▶ _SOURCE MATERIAL_
::::::::::
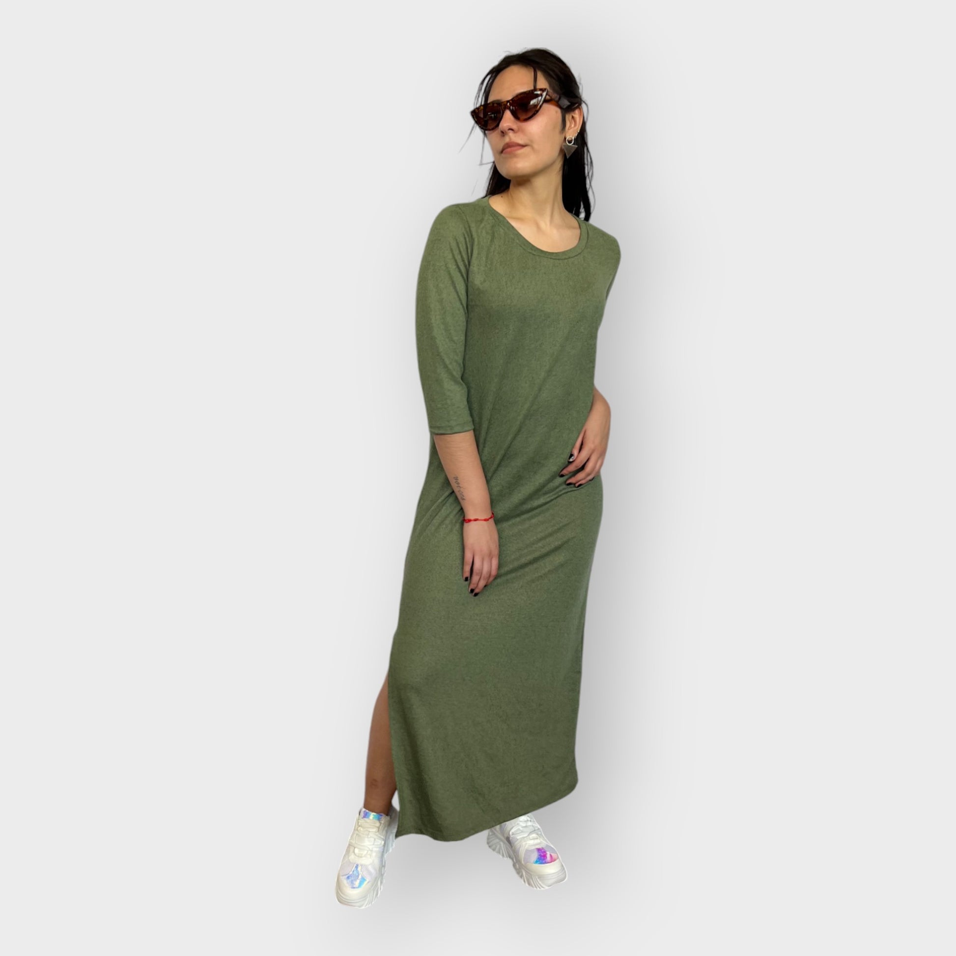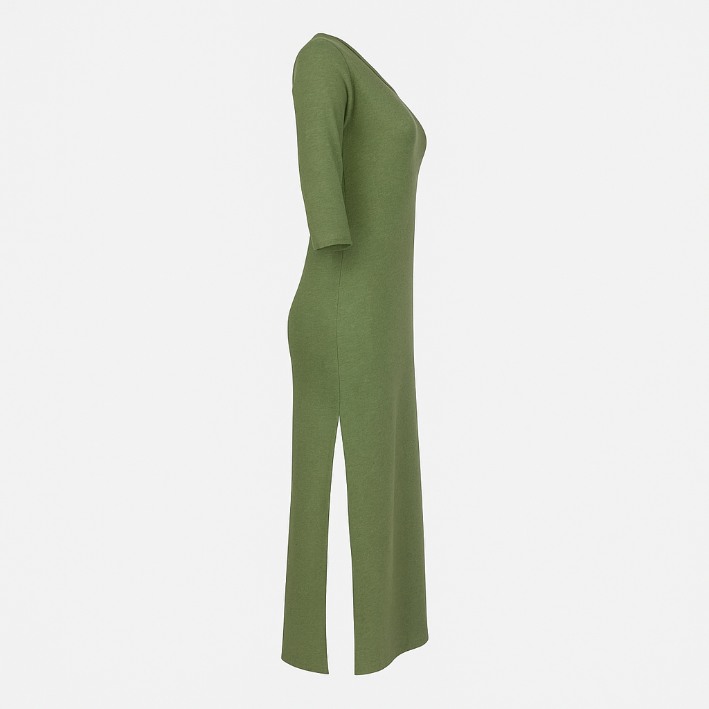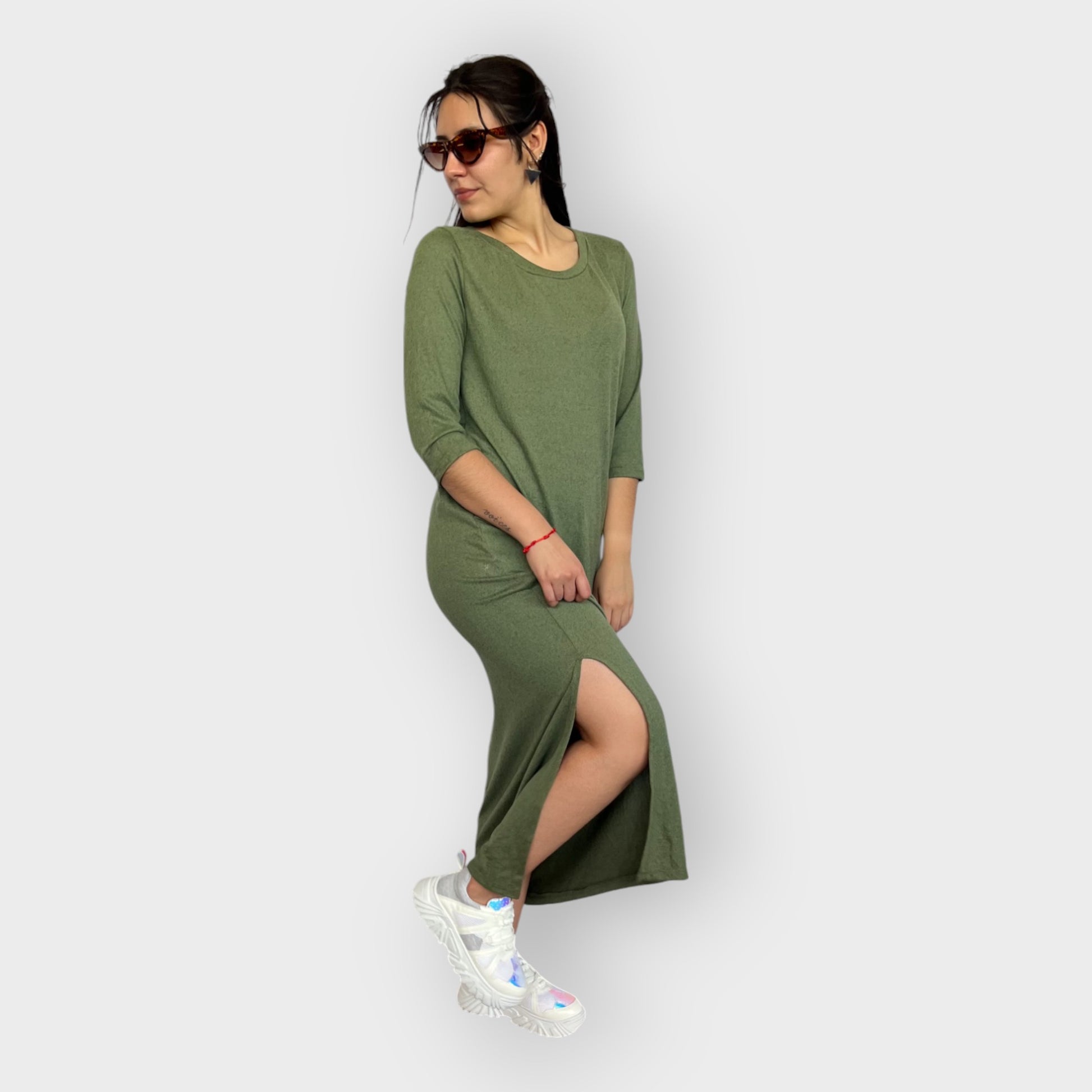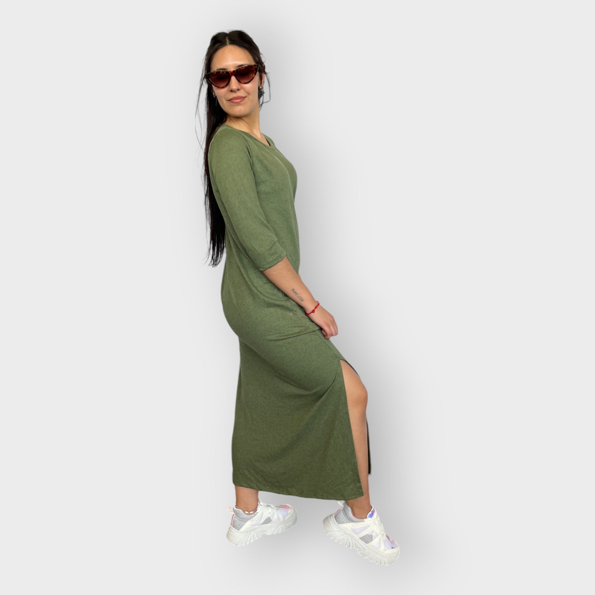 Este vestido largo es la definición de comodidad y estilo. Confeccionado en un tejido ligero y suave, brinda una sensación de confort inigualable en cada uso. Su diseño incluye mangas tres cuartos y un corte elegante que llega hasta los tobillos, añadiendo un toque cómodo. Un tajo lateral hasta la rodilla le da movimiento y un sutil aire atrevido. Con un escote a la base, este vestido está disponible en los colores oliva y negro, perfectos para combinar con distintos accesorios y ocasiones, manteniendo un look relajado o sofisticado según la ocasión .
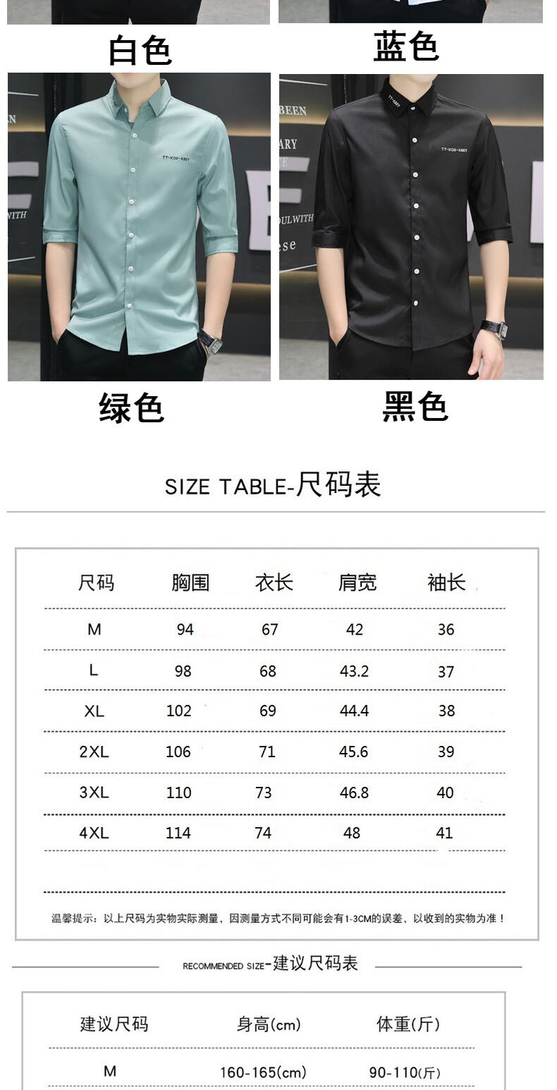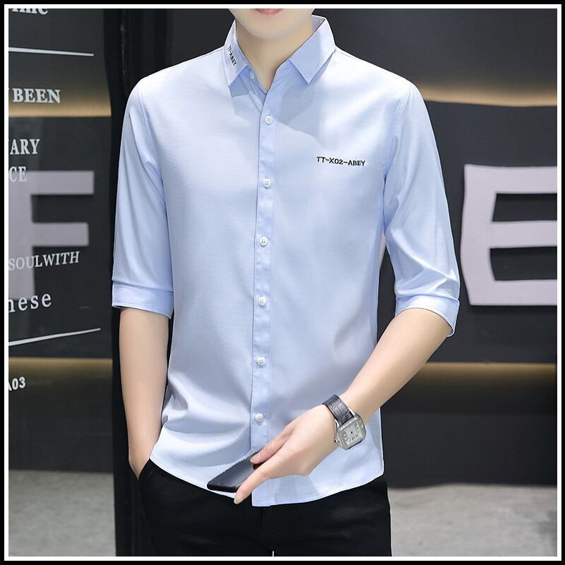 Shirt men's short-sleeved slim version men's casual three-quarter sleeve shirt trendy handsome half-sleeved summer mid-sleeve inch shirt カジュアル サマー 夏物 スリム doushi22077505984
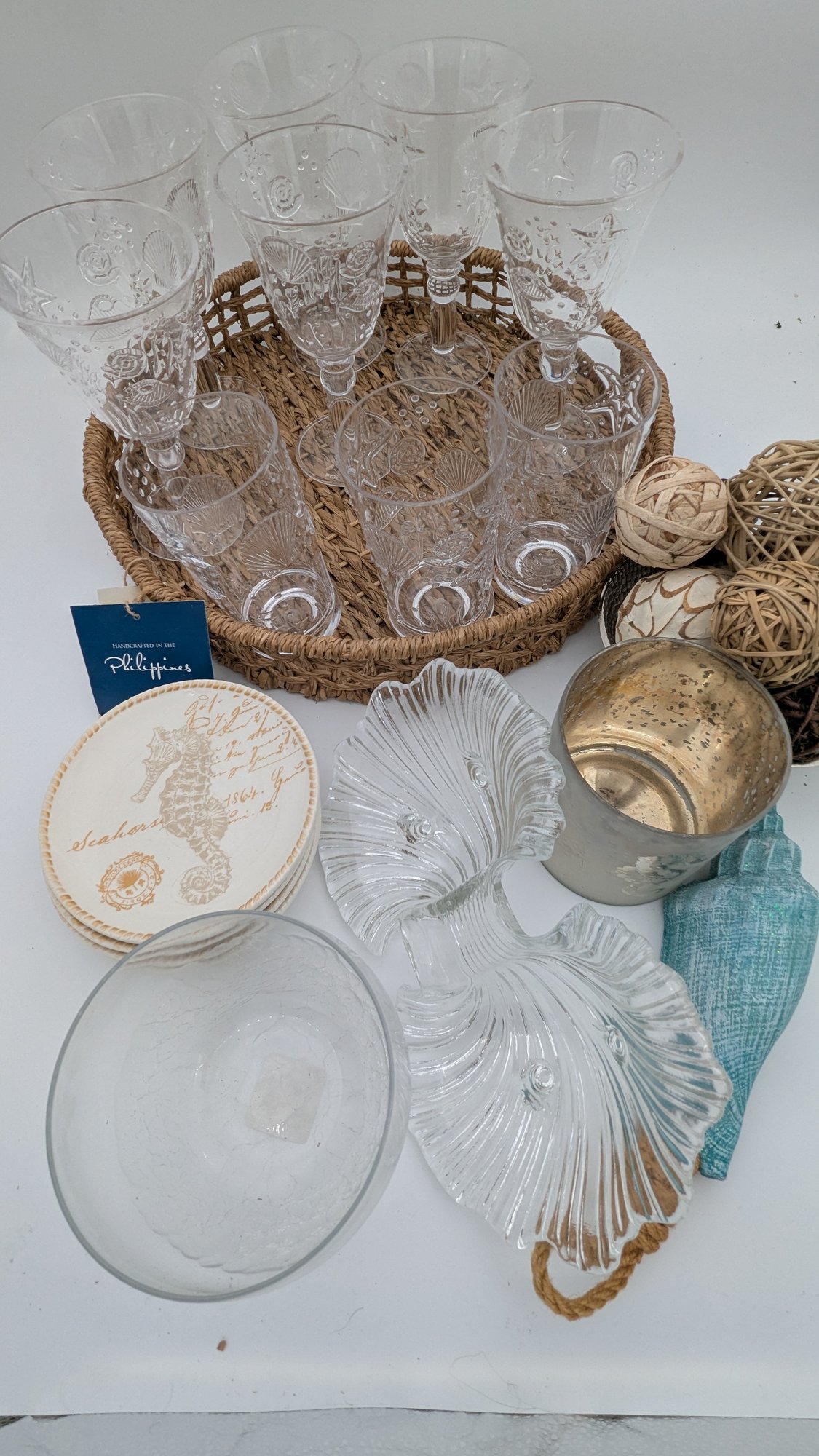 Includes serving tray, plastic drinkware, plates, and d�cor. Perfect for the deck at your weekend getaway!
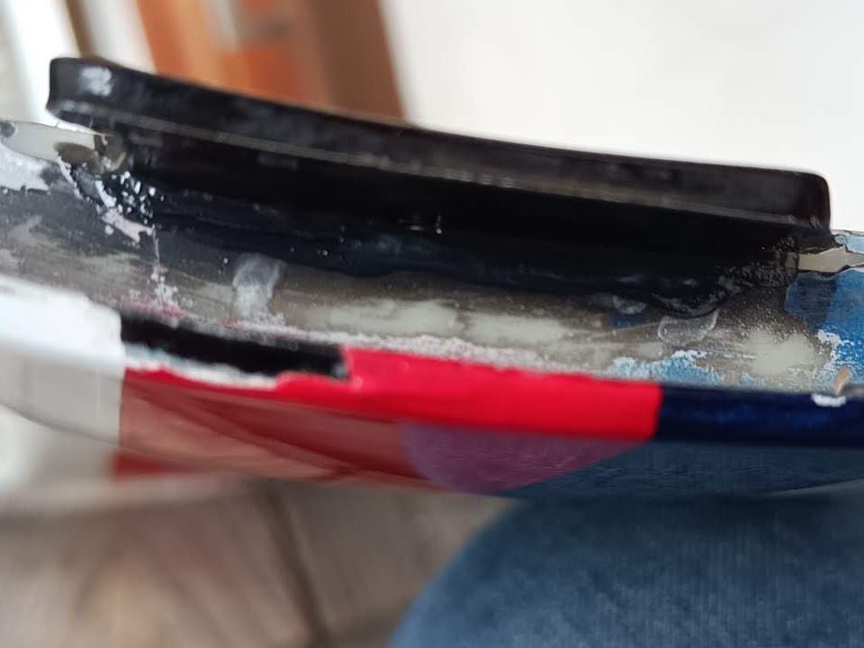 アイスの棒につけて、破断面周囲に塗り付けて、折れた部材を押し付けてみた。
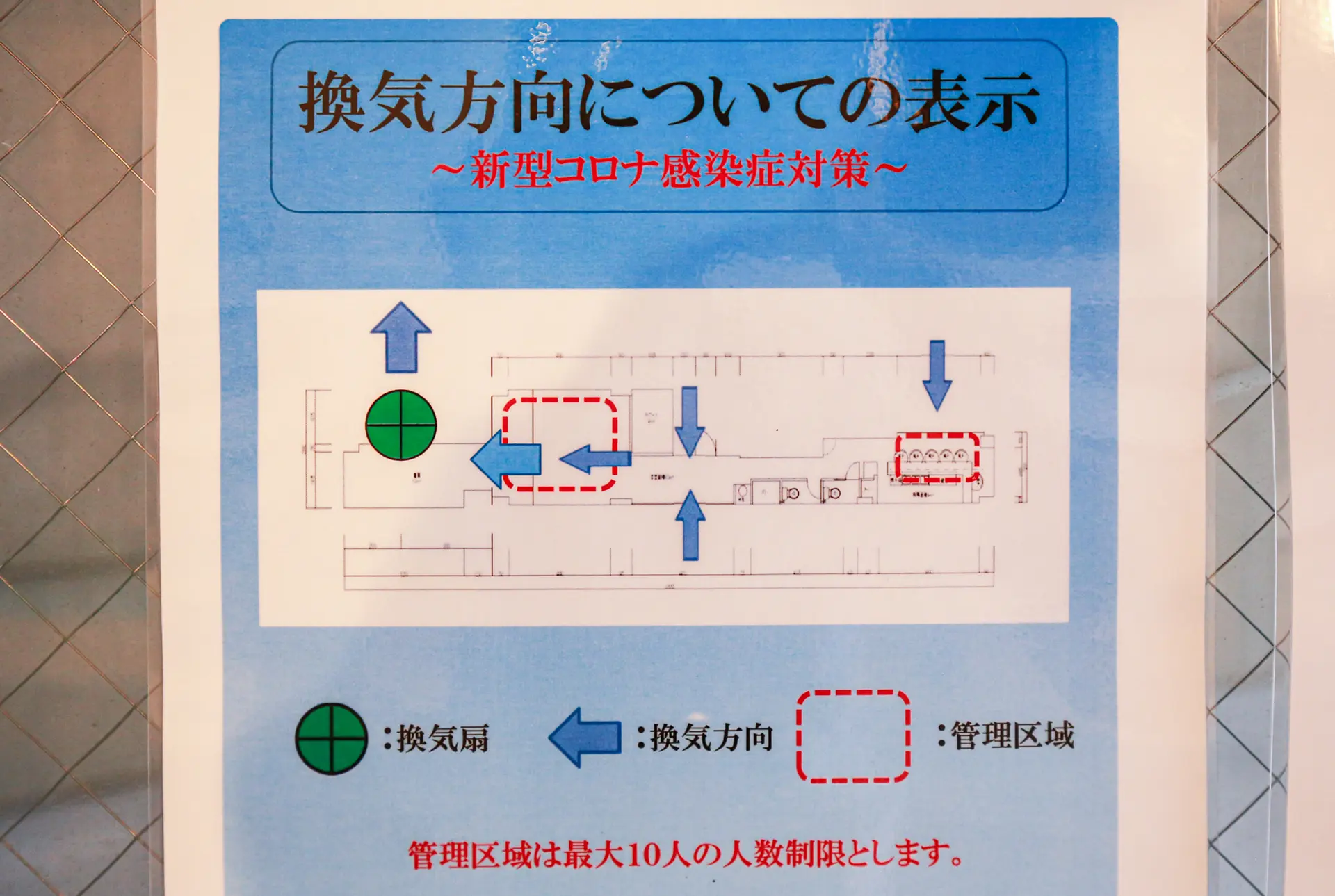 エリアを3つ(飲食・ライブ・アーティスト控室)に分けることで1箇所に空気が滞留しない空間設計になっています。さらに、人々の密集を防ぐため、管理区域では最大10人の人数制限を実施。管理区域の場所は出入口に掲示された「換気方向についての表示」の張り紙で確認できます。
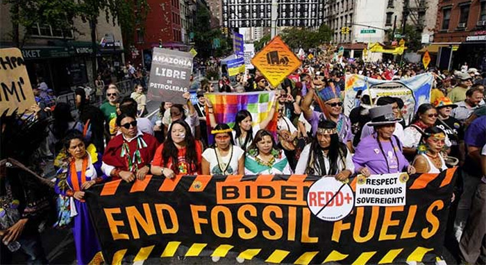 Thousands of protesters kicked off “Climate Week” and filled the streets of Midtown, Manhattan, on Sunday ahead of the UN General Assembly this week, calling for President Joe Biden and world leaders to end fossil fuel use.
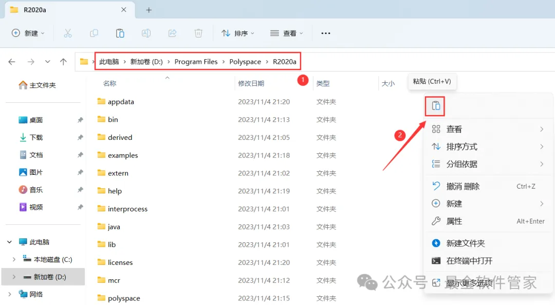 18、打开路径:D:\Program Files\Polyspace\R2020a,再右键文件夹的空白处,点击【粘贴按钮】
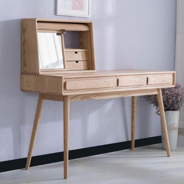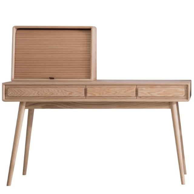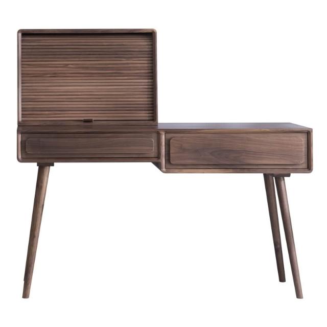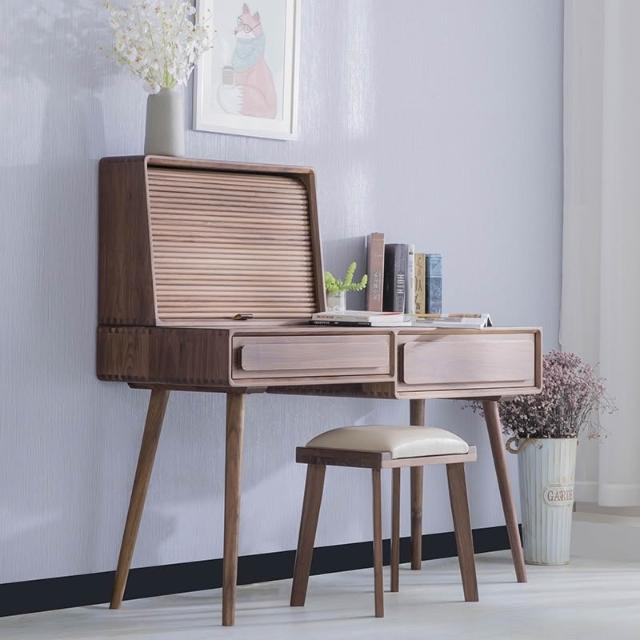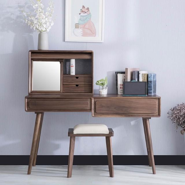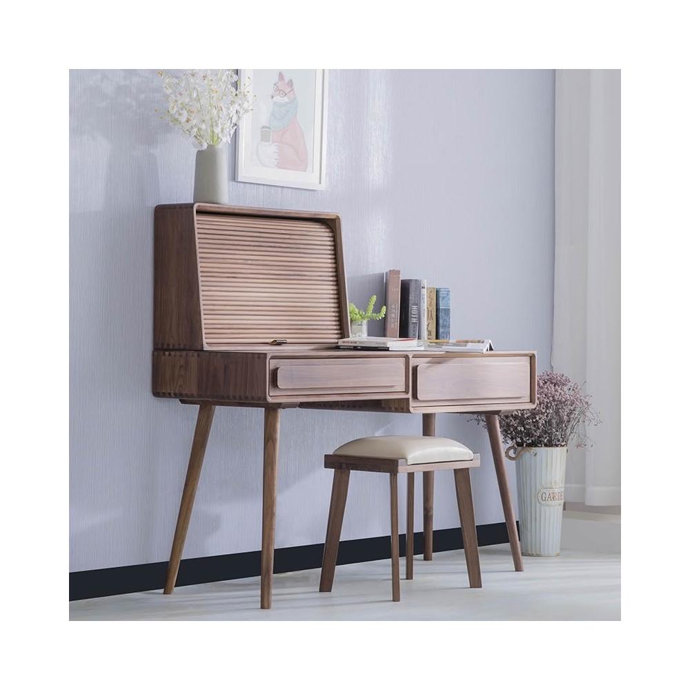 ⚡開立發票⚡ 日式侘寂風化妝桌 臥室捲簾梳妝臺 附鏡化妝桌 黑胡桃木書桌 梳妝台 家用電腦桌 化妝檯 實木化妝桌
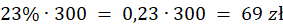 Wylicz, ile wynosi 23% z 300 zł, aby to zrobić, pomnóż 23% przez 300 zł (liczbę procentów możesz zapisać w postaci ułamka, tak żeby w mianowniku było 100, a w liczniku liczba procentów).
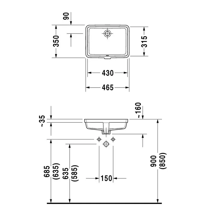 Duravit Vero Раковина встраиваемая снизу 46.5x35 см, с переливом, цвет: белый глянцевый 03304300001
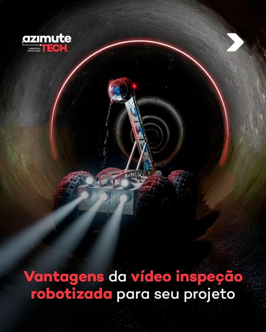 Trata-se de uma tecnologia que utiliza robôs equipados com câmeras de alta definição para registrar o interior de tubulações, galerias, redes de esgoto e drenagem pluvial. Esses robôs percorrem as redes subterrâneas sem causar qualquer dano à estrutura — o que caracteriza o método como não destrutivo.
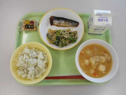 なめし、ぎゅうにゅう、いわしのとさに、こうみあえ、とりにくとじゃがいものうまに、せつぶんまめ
::::::::::
▶ _EXERCISE_
Using the data above, print only the lines starting at the one with "Includes serving tray, plastic" and ending at the one with "家用電腦桌 化妝檯 實木化妝桌", exactly as they stand, minus the pictures.

▶ _YOUR RESPONSE_
 Includes serving tray, plastic drinkware, plates, and d�cor. Perfect for the deck at your weekend getaway!
 アイスの棒につけて、破断面周囲に塗り付けて、折れた部材を押し付けてみた。
 エリアを3つ(飲食・ライブ・アーティスト控室)に分けることで1箇所に空気が滞留しない空間設計になっています。さらに、人々の密集を防ぐため、管理区域では最大10人の人数制限を実施。管理区域の場所は出入口に掲示された「換気方向についての表示」の張り紙で確認できます。
 Thousands of protesters kicked off “Climate Week” and filled the streets of Midtown, Manhattan, on Sunday ahead of the UN General Assembly this week, calling for President Joe Biden and world leaders to end fossil fuel use.
 18、打开路径:D:\Program Files\Polyspace\R2020a,再右键文件夹的空白处,点击【粘贴按钮】
 ⚡開立發票⚡ 日式侘寂風化妝桌 臥室捲簾梳妝臺 附鏡化妝桌 黑胡桃木書桌 梳妝台 家用電腦桌 化妝檯 實木化妝桌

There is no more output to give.